Pero Hipólito no lloraba. Hizo un ademán para abandonar su sitio y los cuatro que le rodeaban le sujetaron. Oyéronse risas.
—Ya contaba él con que le impidiesen moverse. Y por eso ha escrito ese mamotreto —comentó Rogochin—. Adiós, príncipe. ¡Me duelen los huesos de tanto estar sentado!
—Si tenía usted en realidad la intención de matarse, Terentiev —dijo Radomsky, riendo—, yo, en su lugar, en vista de semejante acogida, no me mataría, para fastidiar a todos.
—¡Tienen un deseo terrible de ver cómo me agujereo la sien! —repuso Hipólito, amarga y agresivamente—. Y les disgusta que ello no suceda.
—¿Así que cree usted que no sucederá? No hablo para ofenderle: por lo contrario, creo muy posible que se suicide usted. Pero tranquilícese, aquí lo importante es no perder la calma —dijo Eugenio Pavlovich con acento protector.
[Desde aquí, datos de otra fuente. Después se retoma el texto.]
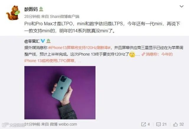 此消息引来了一加高管的注意,他点评到:iPhone 13Pro与iPhone 13 Pro Max才是LTPO屏幕,iPhone 13、iPhone 13mini依旧是LTPS屏幕,今年还有一代迷你版,再说下一款支持mini的,明年14系列就真没mini了。

—Hasta ahora no me había dado cuenta del gran error cometido al leer esa explicación —repuso Hipólito, mirando a Eugenio Pavlovich con expresión franca, como si solicitase consejo a un amigo.
—La situación es absurda; en realidad no sé qué decirle… —declaró Radomsky, sonriendo.
Su interlocutor le examinó severamente, con singular fijeza. Parecía perder de momento en momento toda conciencia de sí mismo.
—¡Qué manera de hacer las cosas! —exclamó Lebediev—. ¡Suicidarse en el parque para no producir escándalo en la casa! ¡Cómo si el matarse a tres pasos de distancia no trajese complicaciones para nadie de aquí!
—Señores… —empezó Michkin.
—Dispénseme, estimado príncipe —interrumpió Lebediev con energía—. Usted mismo ve que no se trata de una broma. La mitad de los presentes piensan como yo: después de las palabras que ese joven ha pronunciado aquí, el honor le obliga a saltarse la tapa de los sesos. Por lo tanto, y como dueño de la casa, declaro ante testigos que requiero la ayuda de usted.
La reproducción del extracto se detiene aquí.